Re-naming of a Mountain July 2009
Kath has been lobbying for a name change of the Niggerhead mountain range for 10 years, and finally the quiet voices and persistence of the Elders of the Indigenous Reference Group, formed after the 2003 bush fires, made her dream a reality!
Kath’s first reaction on seeing the sign ‘The Niggerheads’ at the Tawonga huts site on one of our first rides in 1986 was disbelief. It went against the fabric of her being and the values she was bought up with, by the progressive nature of her parents. For years, Kath lamely explained to her riding guests, the history and origin of the name, knowing full well the mountain’s geographic features resembled proud strong indigenous heads, especially when viewed from the West Kiewa River valley and the Fainters, and that the name “Nigger “ is a racist term. Research soon revealed it was time to reconcile and give the mountain a new name. She discovered that over the past 30 years letters were documented with the registrar of place names objecting to the name of Mt Niggerhead dating back to 1977.
Finally in 1999 there was an opportunity for change. There was a new State Government and a political shift towards reconciliation, so Kath embarked upon a lonely campaign for name change. The issue was even discussed in parliament in 2000 and recorded in Hansard.
With reference to the historical name (named by stockmen Jim Brown and Jack Wells in 1852) and the mountain’s features, Kath’s first inclination was to suggest the name be changed to “Koori Heads” as suggested in her first correspondence to Mr Parker, the then Registrar. During one of many sleepless nights some weeks later, it occurred to her that the most appropriate name was “Yitmathangs” (sp.), in recognition of the original indigenous inhabitants, and suggested this as documented in another letter to the Registrar of Place Names in 1999. It was her hope that the community would embrace this name and that the heritage and stories of these people not be lost. It proved a difficult and intense campaign and after many letters the idea of renaming the mountain to the Yitmathangs(sp.) seemed unlikely, due to all the negative reactions received. Kath was shocked at the reaction and attitudes of some people in the community! And despite some encouragement, negative feedback is always difficult to handle.

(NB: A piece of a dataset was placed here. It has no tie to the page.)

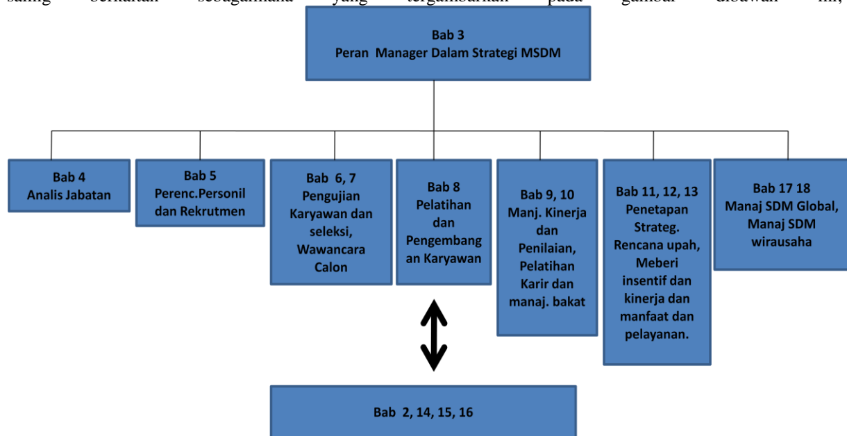
Bagan 1; Struktur Peran Manajer Dalam Strategi MSDM

Gary (2011:97) mengungkapkan bahwa ruang lingkup Bab III mencakup beberapa hal penting yang saling berkaitan sebagaimana yang tergambar pada gambar dibawah ini;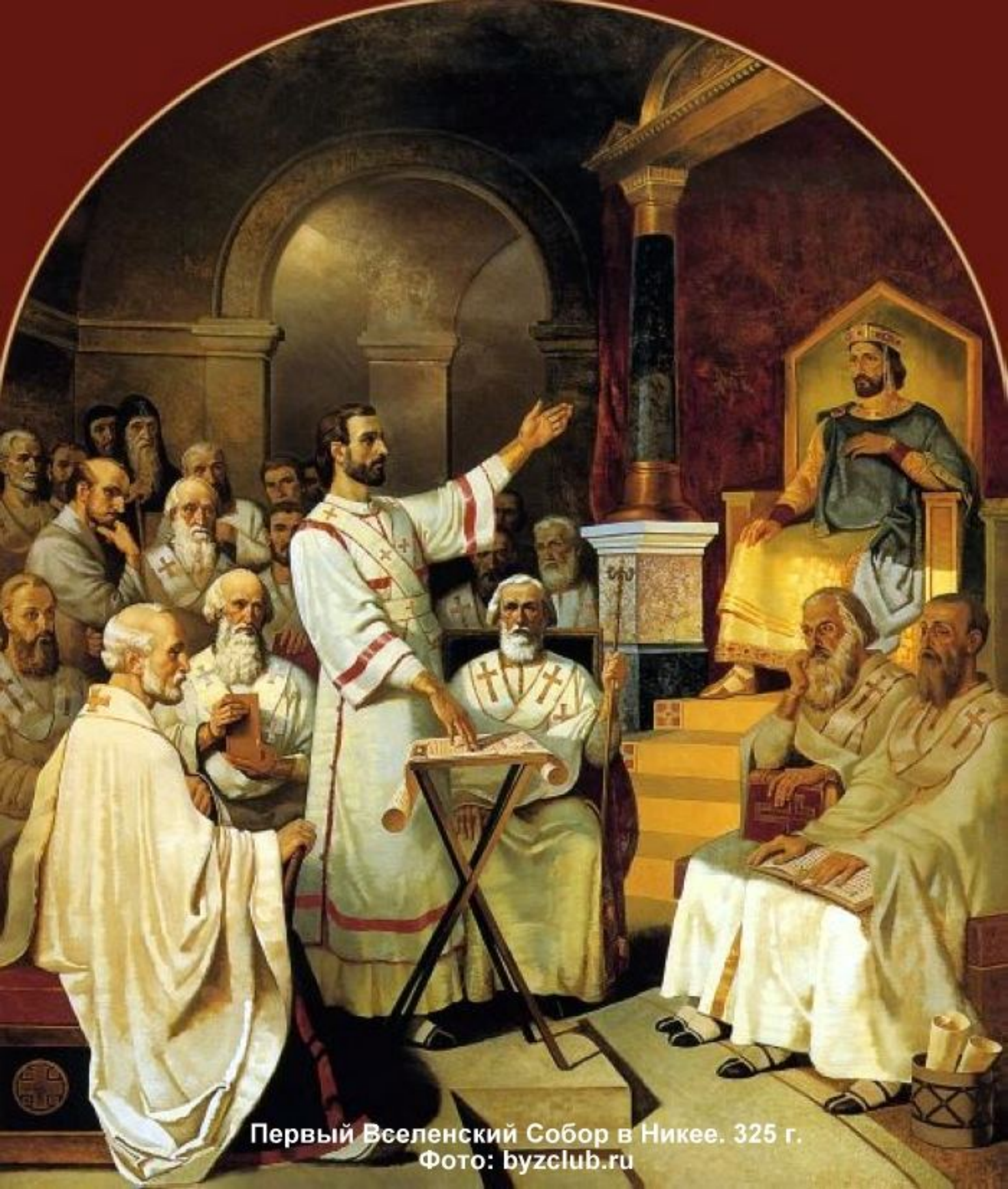
Первый Вселенский Собор в Никее. 325 г.

It was quite by accident 8 years later (on National Sorry Day, the apology by the Federal Government) that Kath re-ignited the issue on A.B.C. local radio, and was promptly contacted by the Chief Ranger of the Alpine National Park, to be informed the renaming of the mountain was happening and the chosen name was THE JAITHMATHANG! KATH WAS ECSTATIC!
It was disappointing for Kath to have been side lined by the bureaucracy and not ‘kept in the loop’ but she immediately wrote to the Victorian Alps Indigenous Reference Group (whom, until then, she had no idea existed) and congratulated them for driving this change. Kath is so proud of what she was able to achieve and even though she was not officially recognized by the government for her ideas and drive on this issue, was most definitely embraced and thanked personally by the Elders of the Indigenous Reference group at the re-naming ceremony in November 2008. Kath’s proud to say the story of the Jaithmathang people can now be told openly without prejudice and with integrity that honors their great traditions.